Maximum A Posteriori (MAP) Estimation

Introduction

Maximum Likelihood Estimation (MLE) and Maximum A Posteriori (MAP) are both methods for estimating some variable in the space of a probability distributions. They are similar, as they compute a single estimate, instead of a full distribution. In this lesson, we shall introduce MAP as an estimation technique in the context of Bayes theorem. We shall also look at the similarities between two approaches and their use cases.

Objectives:

You will be able to:

  • Understand and explain the difference between MLE and MAP
  • Evaluate the role of prior into the MAP equation, for a Bayesian estimation
  • Understand how for beta distribution priors, the MAP is equal to MLE

MLE - A quick recap

We have used the concept of MLE before. For example, if you want to fit a normal distribution to your data, you can take the sample mean and variance as the parameters associated with this normal distribution. This is in fact exactly what you are doing when using Maximum Likelihood Estimation: you are in fact trying to find parameters associated with (simple or even very complex) distrubtions.

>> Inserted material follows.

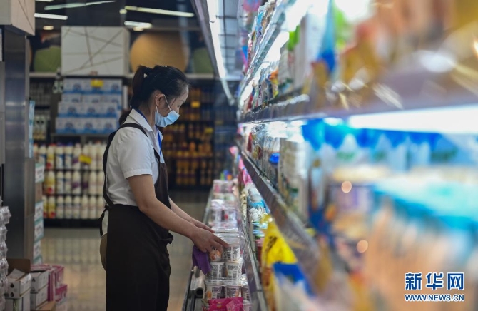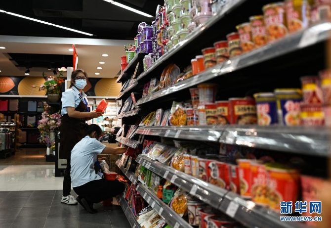 7月7日,工作人員在瑞麗市一家超市內(nèi)整理商品。新華社記者 王冠森 攝

Here's a quick summary of what we now know, let’s say we have a likelihood function $P(X|θ)$ i.e. the MLE for theta, given the data (X), then parameter we want to infer is:

$$\theta_{MLE} = \underset{\theta}{\operatorname{argmax}}P(X | \theta)$$

$$=\underset{\theta}{\operatorname{argmax}}\prod_{i}P(x_i|\theta)$$

For above equation, product of some numbers $< 1$ will continue to shrink and would approach 0 as the number of those numbers goes to infinity. This would render it computationally inefficient because of number of operations involved. Hence, we will instead work in the monotonically increasing log space because we know that maximizing a function is equal to maximizing the log of that function.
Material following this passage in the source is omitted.